◆ **Source material**:
▬▬▬▬▬▬▬▬▬▬

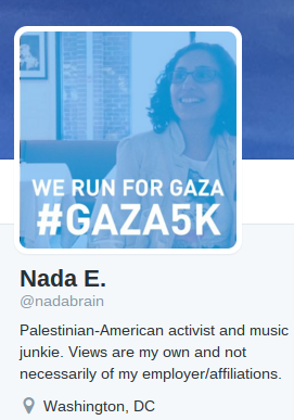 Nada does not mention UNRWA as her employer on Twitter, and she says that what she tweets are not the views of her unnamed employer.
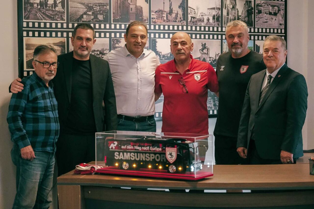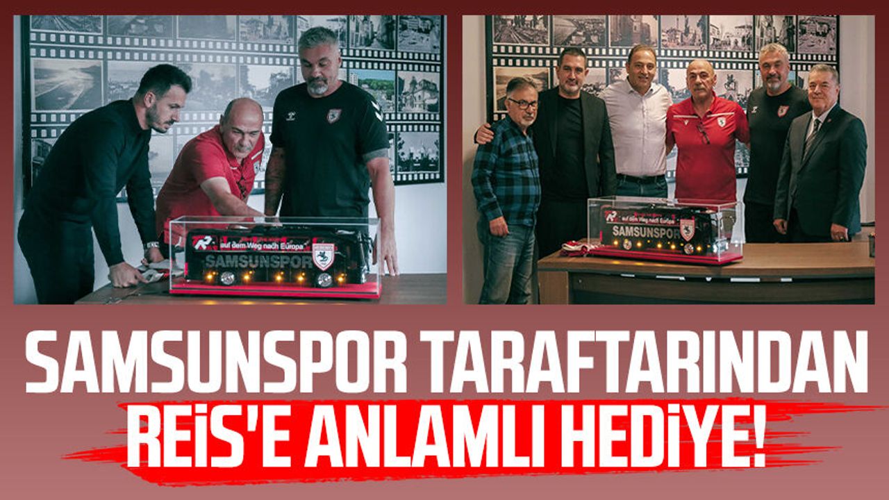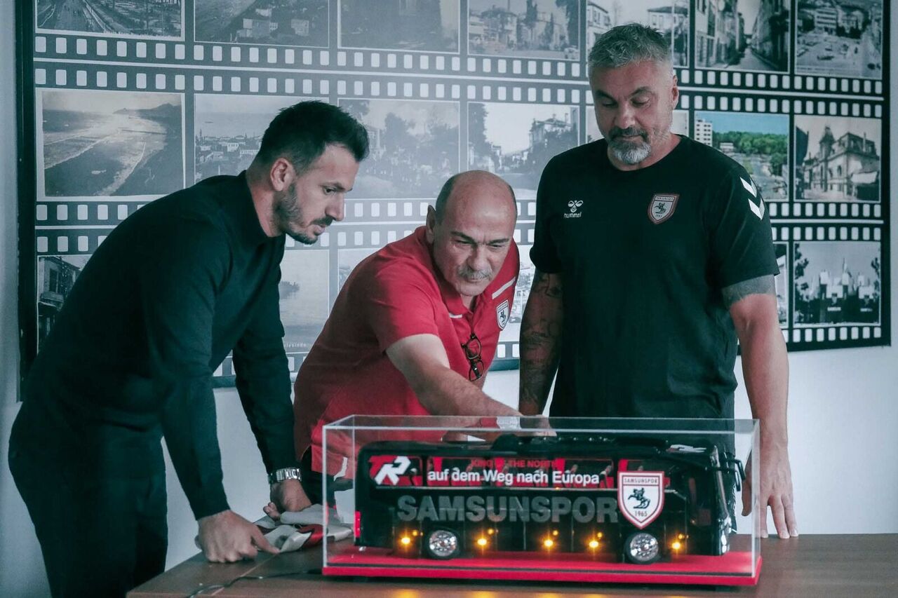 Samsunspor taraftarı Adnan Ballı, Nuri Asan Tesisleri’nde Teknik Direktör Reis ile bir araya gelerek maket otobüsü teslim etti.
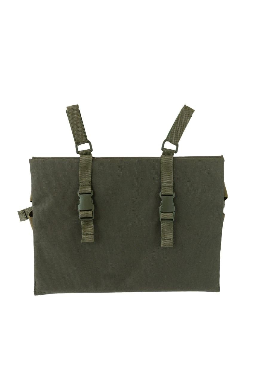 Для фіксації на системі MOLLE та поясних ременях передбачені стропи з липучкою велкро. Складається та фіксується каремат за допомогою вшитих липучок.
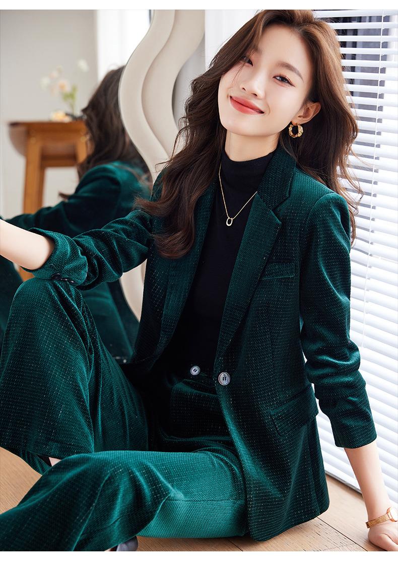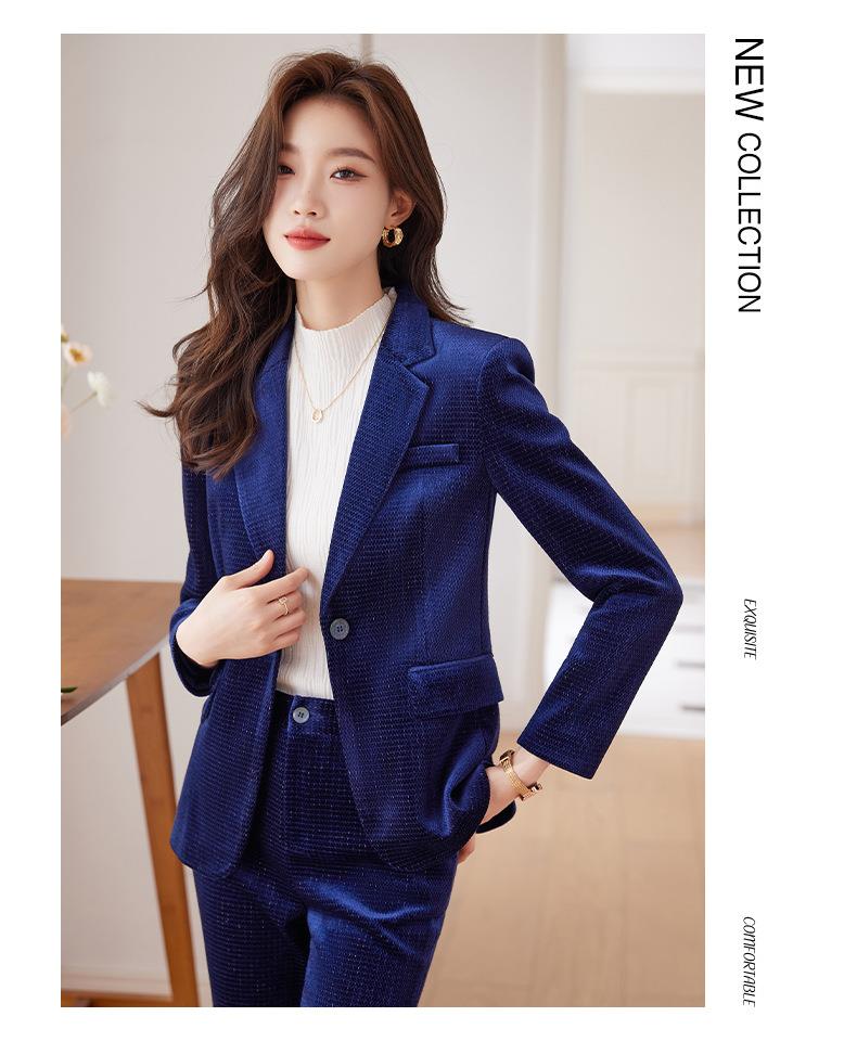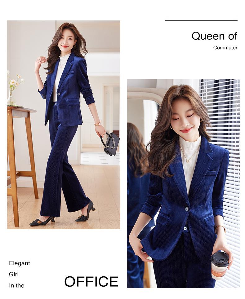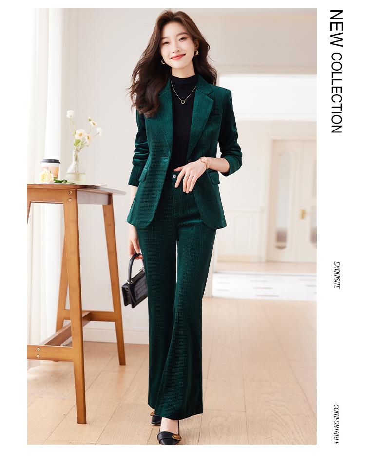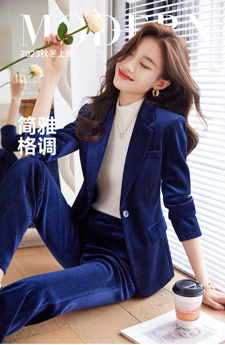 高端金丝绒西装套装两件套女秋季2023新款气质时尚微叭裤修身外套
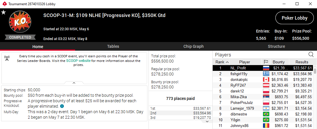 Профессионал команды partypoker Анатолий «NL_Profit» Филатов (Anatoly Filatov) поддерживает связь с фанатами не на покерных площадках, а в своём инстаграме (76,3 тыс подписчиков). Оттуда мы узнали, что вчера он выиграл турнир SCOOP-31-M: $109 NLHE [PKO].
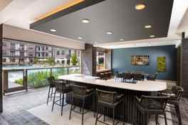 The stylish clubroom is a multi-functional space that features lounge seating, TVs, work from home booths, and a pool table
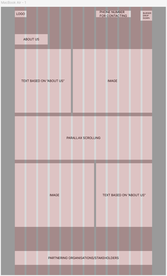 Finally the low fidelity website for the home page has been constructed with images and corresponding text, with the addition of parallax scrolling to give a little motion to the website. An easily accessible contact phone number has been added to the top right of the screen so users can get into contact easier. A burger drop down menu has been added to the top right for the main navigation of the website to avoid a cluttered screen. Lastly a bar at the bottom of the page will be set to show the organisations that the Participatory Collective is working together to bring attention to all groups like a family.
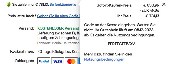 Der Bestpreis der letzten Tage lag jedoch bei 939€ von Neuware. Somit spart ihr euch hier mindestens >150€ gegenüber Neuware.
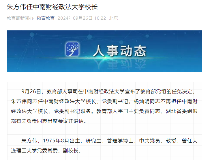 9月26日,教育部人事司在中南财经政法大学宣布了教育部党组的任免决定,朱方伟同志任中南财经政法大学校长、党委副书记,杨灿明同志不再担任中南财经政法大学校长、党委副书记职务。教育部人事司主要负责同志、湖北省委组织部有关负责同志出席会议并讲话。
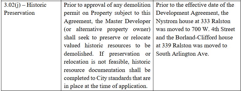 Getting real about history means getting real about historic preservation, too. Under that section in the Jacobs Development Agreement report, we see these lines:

▬▬▬▬▬▬▬▬▬▬

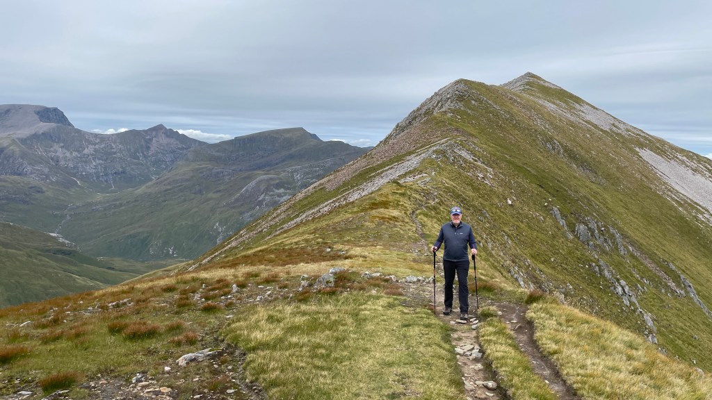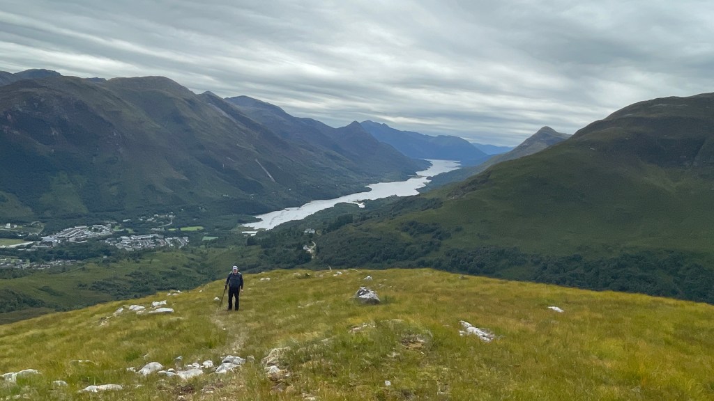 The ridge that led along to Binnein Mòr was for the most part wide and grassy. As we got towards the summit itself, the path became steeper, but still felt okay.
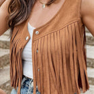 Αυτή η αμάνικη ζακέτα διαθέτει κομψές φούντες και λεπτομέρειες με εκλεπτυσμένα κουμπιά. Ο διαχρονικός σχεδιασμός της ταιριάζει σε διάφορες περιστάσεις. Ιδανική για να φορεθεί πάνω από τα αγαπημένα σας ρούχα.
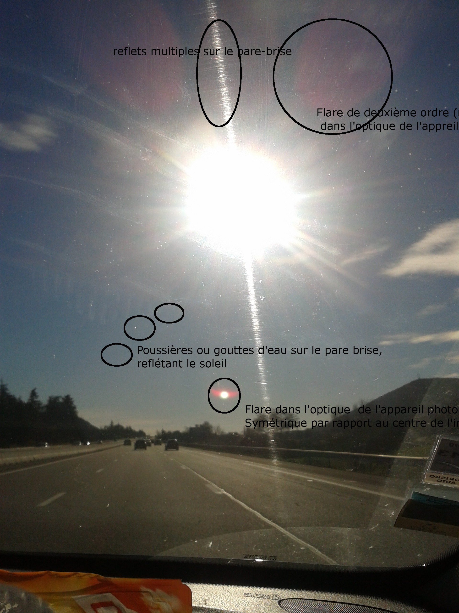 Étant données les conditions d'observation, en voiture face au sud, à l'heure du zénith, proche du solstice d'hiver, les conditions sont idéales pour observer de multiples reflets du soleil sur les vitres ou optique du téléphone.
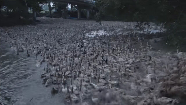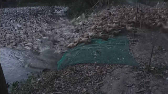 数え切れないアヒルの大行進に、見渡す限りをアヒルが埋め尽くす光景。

▬▬▬▬▬▬▬▬▬▬

◆ **Task prompt**:
Given the records above, return the lines starting at the one that holds "Nada does not" and ending at the one that holds "Профессионал команды partypoker", exactly, and nothing besides; leave every picture out.

◆ **Exercise result**:
 Nada does not mention UNRWA as her employer on Twitter, and she says that what she tweets are not the views of her unnamed employer.
 Samsunspor taraftarı Adnan Ballı, Nuri Asan Tesisleri’nde Teknik Direktör Reis ile bir araya gelerek maket otobüsü teslim etti.
 Для фіксації на системі MOLLE та поясних ременях передбачені стропи з липучкою велкро. Складається та фіксується каремат за допомогою вшитих липучок.
 高端金丝绒西装套装两件套女秋季2023新款气质时尚微叭裤修身外套
 Профессионал команды partypoker Анатолий «NL_Profit» Филатов (Anatoly Filatov) поддерживает связь с фанатами не на покерных площадках, а в своём инстаграме (76,3 тыс подписчиков). Оттуда мы узнали, что вчера он выиграл турнир SCOOP-31-M: $109 NLHE [PKO].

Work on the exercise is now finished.